■ What is needed:
Repeat, word for word and with nothing added, each line from the one containing "The FE model" to the final line of the data, keeping both ends. Pictures are not part of the copy.

■ Given data:

╭──

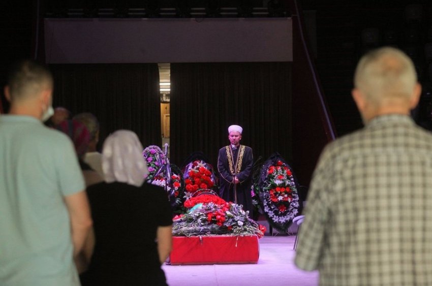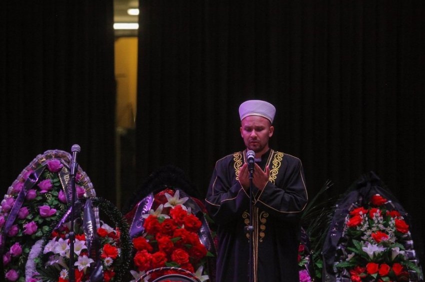 Далее он прочитал короткий джаназа-намаз, после чего под аплодисменты присутствующих покойного вынесли из здания.
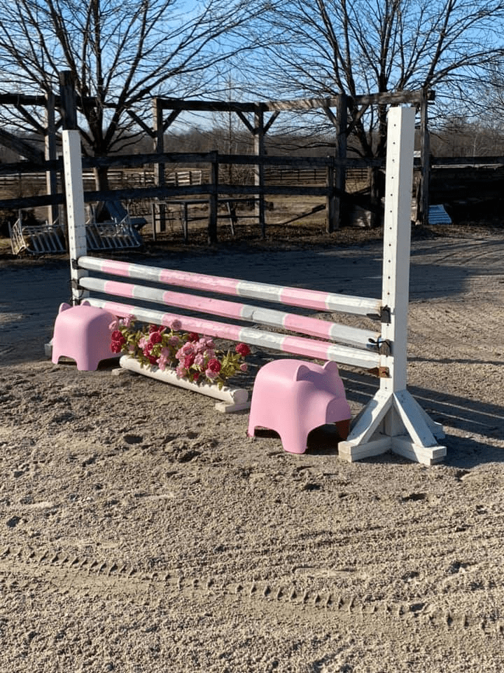 Yesterday Emily was telling me about these little pig stools that her trainer had found to use as jump filler and OMG y’all I had to have them. They’re PERFECT, and naturally I immediately spiraled into a very deep internet rabbit hole looking for something similar that was giraffes or monkeys or unicorns. I came up blank. But if anyone sees some economical little (like 18-24″?) things like this that I could use to add some pizazz to jumps, send them my way. I can’t wait to get the pigs. I’ve never put much fill on my jumps at home because shows that actually had fill were usually the only places Henry gave enough of a peek at the fences to jump clear and I didn’t want to take away that peek. For him keeping the jumps at home more boring was my tactic. Presto needs to start seeing interesting stuff now though so that when we do get to shows with fill, he isn’t taken by surprise.
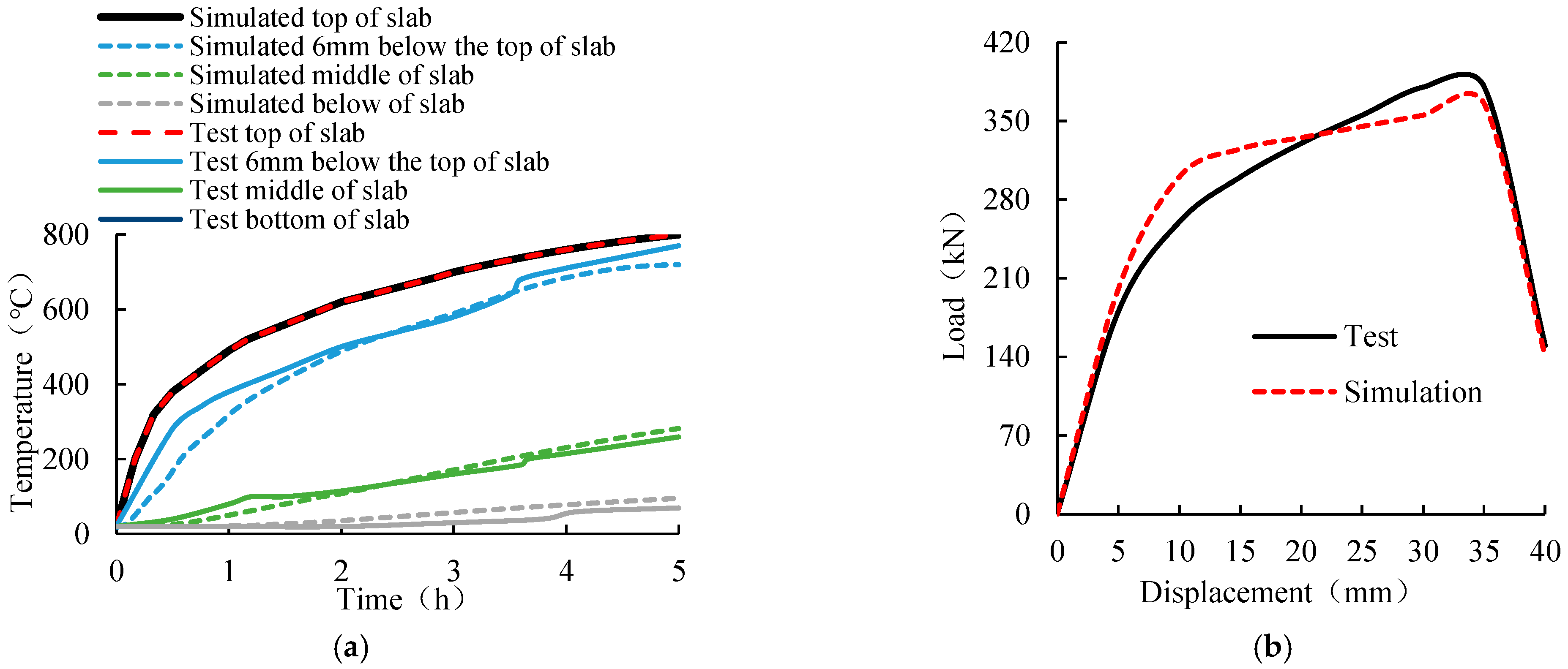 The FE model of the flat slab–column joint was validated with previous fire tests before it was applied to simulate the thermomechanical responses. During the tests [
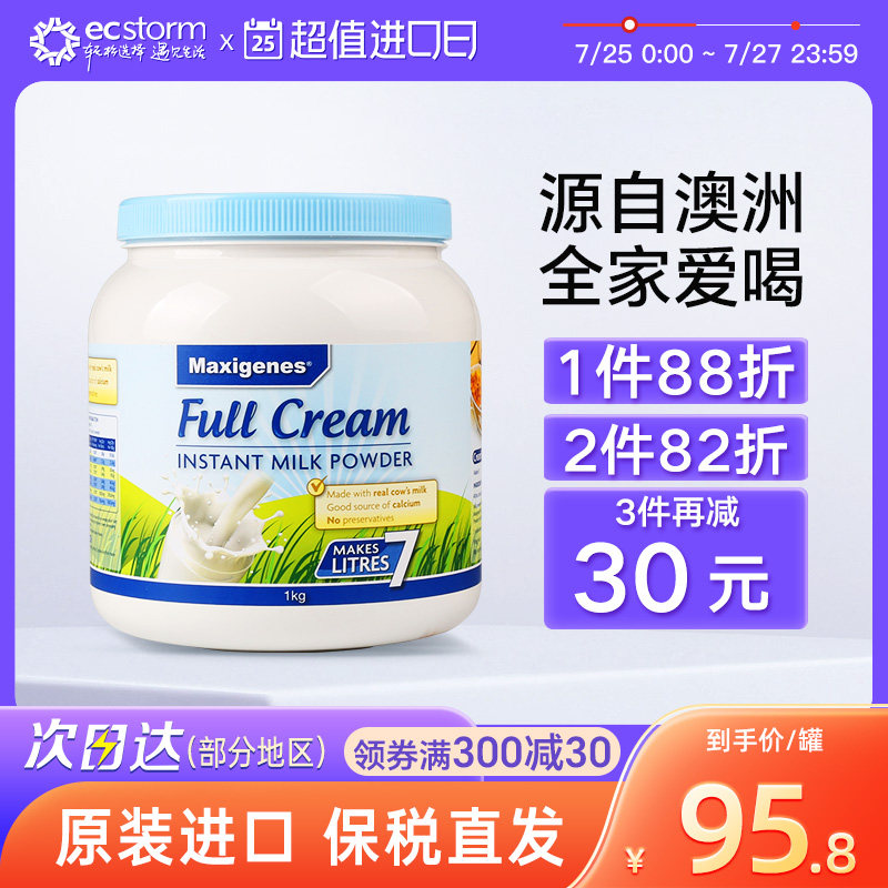 券 2元销量50澳洲美可卓蓝胖子全脂牛奶粉1kg 学生儿童成人早餐原装脱脂奶粉

╰──

■ Solution to the problem:
 The FE model of the flat slab–column joint was validated with previous fire tests before it was applied to simulate the thermomechanical responses. During the tests [
 券 2元销量50澳洲美可卓蓝胖子全脂牛奶粉1kg 学生儿童成人早餐原装脱脂奶粉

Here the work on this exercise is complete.